EXERCISE INSTRUCTIONS. Verbatim copy, images omitted: return the full listing.

SUPPLIED INFORMATION.
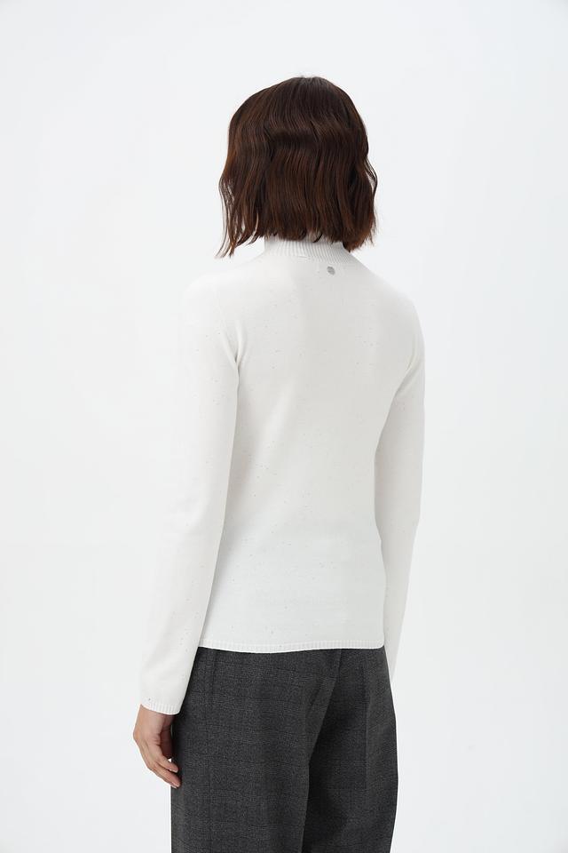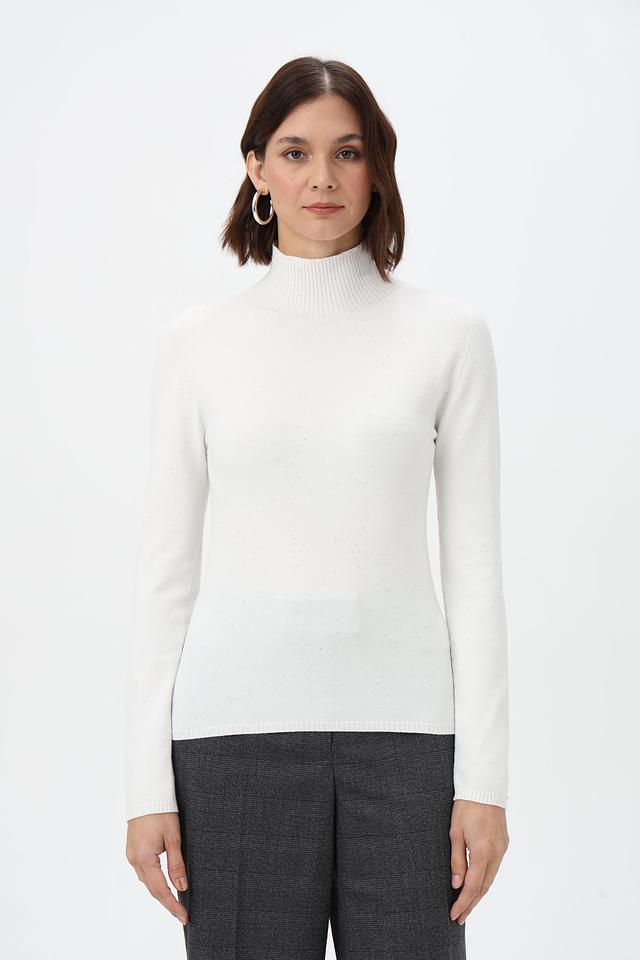Представляем вашему вниманию элегантную водолазку от бренда Rich and Royal. Модель выполнена в белом цвете с добавлением деликатного люрекса, придающего ей особый шарм и блеск.
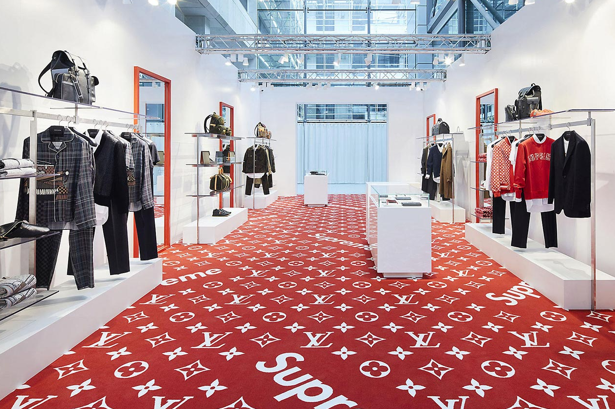 2017년 SS 루이비통, 슈프림 콜라보 컬렉션. 사진은 런던 루이비통 X 슈프림 팝업스토어
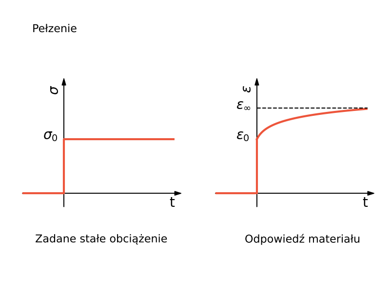 $$\sigma(t) = \eta\dot{\varepsilon}(t)$$pełzanie: $\varepsilon(t) = \cfrac{\sigma_0}{\eta}t + \varepsilon(0)$

REPLY.
Представляем вашему вниманию элегантную водолазку от бренда Rich and Royal. Модель выполнена в белом цвете с добавлением деликатного люрекса, придающего ей особый шарм и блеск.
 2017년 SS 루이비통, 슈프림 콜라보 컬렉션. 사진은 런던 루이비통 X 슈프림 팝업스토어
 $$\sigma(t) = \eta\dot{\varepsilon}(t)$$pełzanie: $\varepsilon(t) = \cfrac{\sigma_0}{\eta}t + \varepsilon(0)$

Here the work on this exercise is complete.